Pope Francis on religious hypocrisy

During a special 24-hour event called “24 Hours for the Lord”, Pope Francis has urged the faithful to avoid religious hypocrisy and to being overly spiritual.

In his sermon, the pope criticised those who consider themselves better than others because they follow religious rules but lack a genuine relationship with God.

“Let us not hide behind the hypocrisy of appearances, but entrust to the Lord’s mercy our darkness, our mistakes, our wretchedness,” he said, saying confession bridges the distance between God and the failures of one’s daily life.

The 24-hour event is held annually during Lent to encourage Catholics to go to confession.

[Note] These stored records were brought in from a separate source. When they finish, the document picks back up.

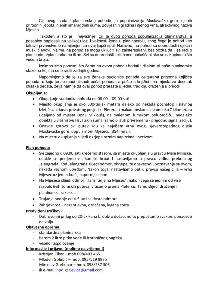 Cilj ovog, sada 4.planinarskog pohoda, je popularizacija Moslavačke gore, njenih prirodnih ljepota, njenih smaragdnih šuma, povijesnih gradina i njenog vrha, atraktivnog naziva Mjesec.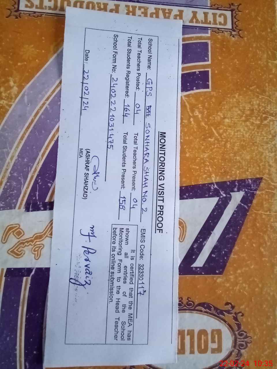 | EMIS Code: 32330117 | Name of School: GPS SONHANRA SHAH NO.2 | |||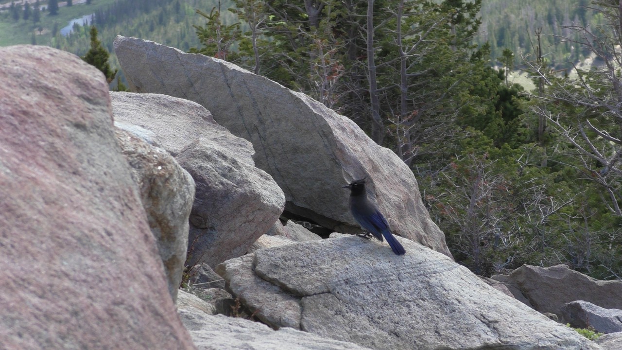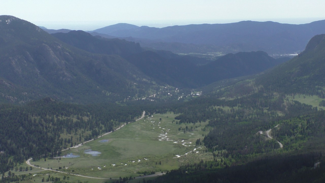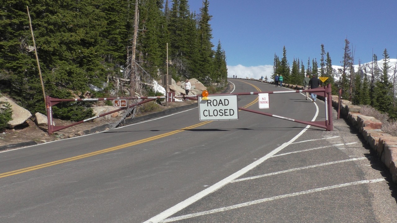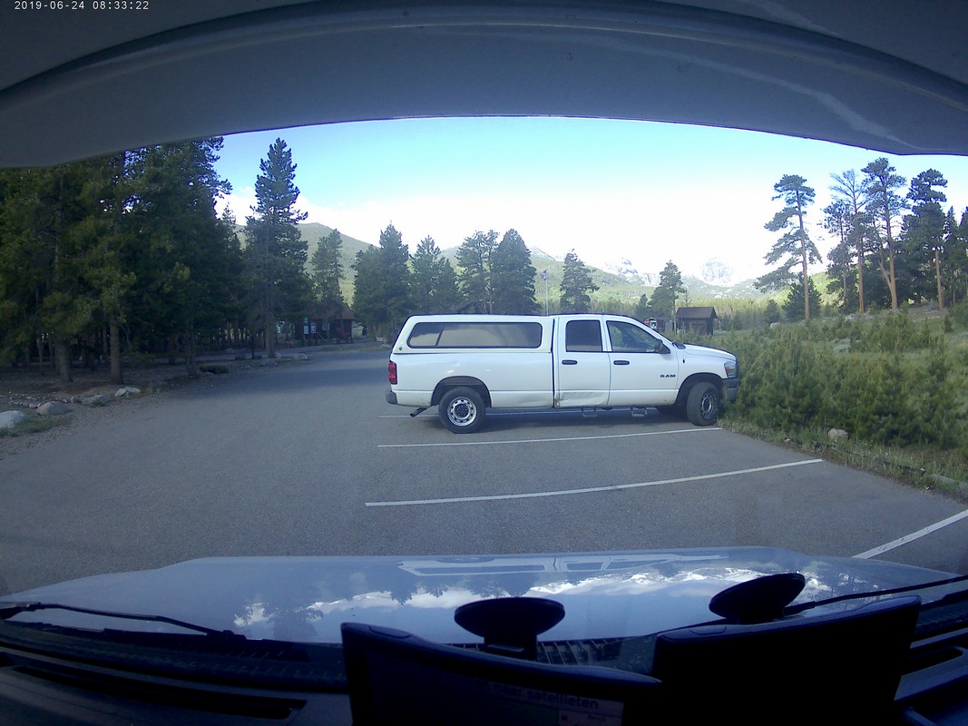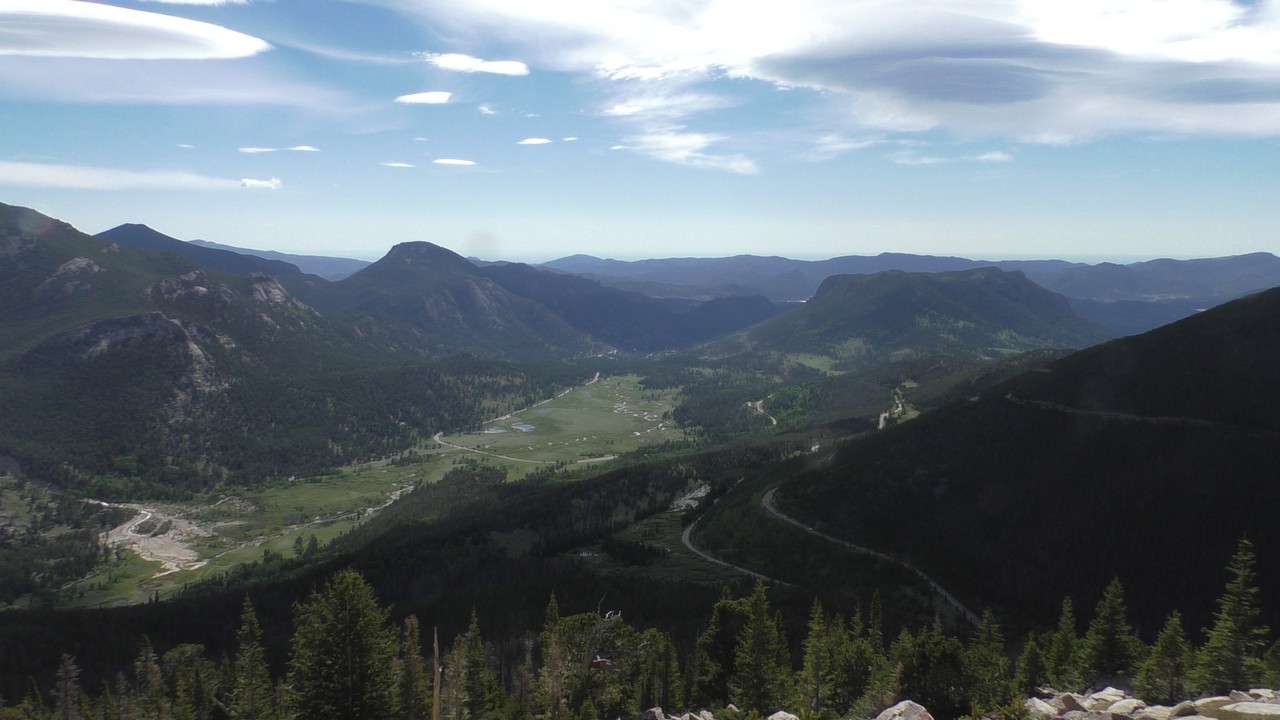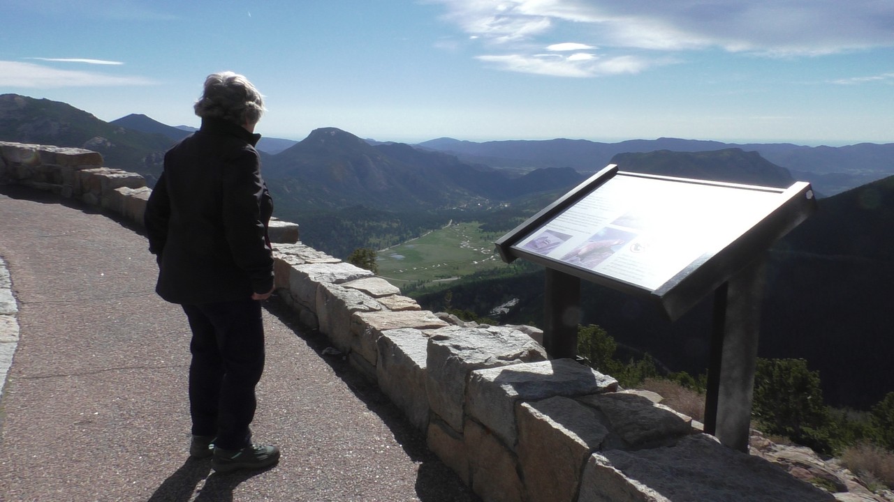 Vandaag willen we dan hopelijk de Trail Ridge Road doen en dan tot Alpine Visitor Center dat op 12183ft (3713m) ligt. Er is een hotline wat gebeld kan worden om te horen of de weg open is, maar helaas hebben wij op de camping geen bereik. Dus dan maar op goed geluk. We gaan richting het kruispunt waar het gisteren nog dicht was, en de slagbomen staan open, dus we hebben geluk. Langzaam stijgt de weg en we hebben de ene na de andere haarspeldbocht en super mooie uitzichten. We naderen Rainbow Curve, dat op 10.000 ft (3048meter) ligt,daar zou je een indrukwekkend uitzicht hebben over de vallei, het is er nog niet druk dus we vinden makkelijk een parkeerplek. Helaas zijn we iets verder een bord staan waarop staat dat de rest van de weg nog afgesloten is i.v.m. sneeuwschuifwerkzaamheden. Bij navraag of de weg op korte termijn opengaat krijgen we het antwoord : “misschien wel, maar misschien ook niet” , dus echt veel wijzer worden we er niet van. Het wordt ook steeds drukker op de parkeerplaats en iedereen wordt uiteindelijk gelijk teruggestuurd. De parkeerplaats is vol, wij blij dat we op tijd waren.

Parishes worldwide were encouraged to offer more confession times to increase the number of Catholics taking advantage of the sacrament.

Francis has often insisted that those who are humble and acknowledge their own sins are the ones who are closest to God, rather than the people who appear to be spiritually superior or elite.

He told the faithful gathered to come to God with a true awareness of their own weakness.

In his homily, Pope Francis criticised “clean” Catholics who feel justified and secure of their salvation because they attend mass and participate in parish life.

With this mentality, it’s “me, me, me,” the pope said, telling the faithful present to ask themselves, “how many times do I think I’m better than others?”

God is waiting for people at their lowest point

The Pope drew on a parable from the Gospel of Luke to illustrate his point about the dangers of religious pride. In the parable, a Pharisee and a tax collector visit a temple to pray. The Pharisee appears to pray to God, but masks his weaknesses in hypocrisy, while the tax collector stands back and admits his sinfulness to God. According to Pope Francis, the tax collector’s attitude allowed him to experience God’s love.

Pope Francis urged followers to consider their own attitudes towards others, asking whether they think they are better than others and whether they look at others with contempt.

The Pope ended his homily with a reminder that God is waiting for people at their lowest point because He is not afraid to touch the wounds of the flesh, embrace poverty and failures in life, and help people through their weaknesses and negligence.